Every year I taught him his world ranking improved, culminating in that 2009 season when he had the lowest cumulative score for the majors. He decided to move on at the end of 2009, but I was delighted with what we achieved.

He was arguably one of the world’s best players that year. His game was miles in advance of where it had been. He was long and straight, a lethal combination, and when his putter was on he was hard to beat.

As head of instruction I’m responsible for everything to do with coaching at Wentworth. I have my own teaching bay and most of my clients are long-term pupils. I’d say 50% are members, the rest are non-members.

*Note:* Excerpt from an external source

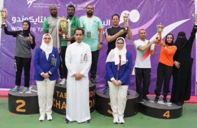 من جانب آخر تنطلق غداً السبت الدورة النسائية لحكمات ومنظمات منافسات التايكوندو بصالة الأمير سعود بن جلوي بالراكة وتستمر لمدة (5) أيام يخضعن المتدربات لأبراز قوانين تحكيم وتنظيم المنافسات رغبةً من الإتحاد بزيادة أعداد الحكمات لتمكينهن من إدارة المنافسات النسائية يحاضر في الدورة رئيس لجنة الحكام الدولي فايز السلولي ونائبه الدولي مجاشع علوي.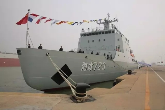 2016年3月17日入列。海冰723船,船长103.1米,型宽18.4米,满载排水量4860吨,是我国自主研发的第二艘新型破冰船。该船作为海冰722船的姊妹船,同样具有TC6级破冰能力,可连续破除1米以下当年冰。入列后,该船将与海冰722船共同承担以黄渤海海域为主的冰情调查和破冰,对冰区被困船舶、人员进行搜救,以及电子试验保障、巡逻、警戒、护航等任务。

Lessons range from an hour to half a day.

I believe in evidential-based teaching, so I try to give as much factual evidence for why the ball is doing what it is. I was lucky enough to spend a lot of time with Claude Harmon in the early days and learnt a lot from him. I then work it back from there, from set-up through the nine sections of the swing to try to find the root cause. The great skills of the best coaches is keeping it communication so you have to keep it simple.

I use video, Trackman radar, and I’m a huge fan of stats to give feedback on the areas that need improvement and work closely with Chris Sells from  I also work closely with a biomechanist called Mark Bull.

You don’t have to be a low handicapper but if you are serious about improving, a biomechanist can help identify if there is a physical reason holding you back. We might be able to refer them to a physio or strength and conditioning coach to fast-track improvement. It could be a micro movement that is throwing out the whole chain.

Building a team is crucial nowadays with good players. A big part of my role is helping to form the team. They are all amazing at what they do, I’m just part of that puzzle.

I’m a big fan of throwing pupils into the deep end - hitting balls on the range is great but that’s not playing golf. Routines, shot selection, course management, awkward lies – there are plenty of ways to lower scores other than a nice swing so I'm a big fan of playing lessons, too.

Wentworth’s par-three course is amazing for teaching. Some people have a mindset it is for beginners, and I had one pupil years ago who was adamant they didn’t want to play it. When we got there, Nick Faldo was practising on it and that was the end of the protest.

Sometimes in the evenings we will hold a seminar with our seven coaches. We’ll pick a subject, such as putting pace control, or a certain golfer’s swing, and we’ll share our ideas on coaching.

When the BMW PGA Championship is on in May, the driving range is reserved for the tournament pros so teaching is shut down for the week. I’ve been lucky enough to have had players in the tournament for about the last 10 years, so that week is more about looking out for them.  

David Dixon is one of my most promising players at the moment. I started teaching him on the Challenge Tour seven or eight years ago. Within six months he was back on the European Tour and within nine months he won at St Omer in France. I haven’t actively pursued coaching established Tour players for the last couple of years, but I’m keen to get back into that now.

I can’t see myself travelling to all the events, though. A busy tournament practice ground on a Tuesday or Wednesday isn’t the ideal place to be working on your game. It is better to prepare properly back here, and then go and scrap it out. Don’t worry if it is perfect or not.

Wentworth is a great place to work, with all its history. With the European Tour based here, too, it’s like being at the epicentre of golf. But the best part is the members. The vast majority of them are very successful but they are such great people and so interesting. Spending a few hours with them is more of a pleasure than job.

Wentworth is visually at its best in the autumn, with an amazing array of trees and colours. The World Matchplay used to be a special time, with blue skies, frosty ground, and the pros teeing off at 0730am. That was superb.

My final piece of advice for golfers? Don’t guess. People try to improve by throwing darts in the dark. Get some proper factual advice for a decent diagnosis. You will save yourself a whole world of pain.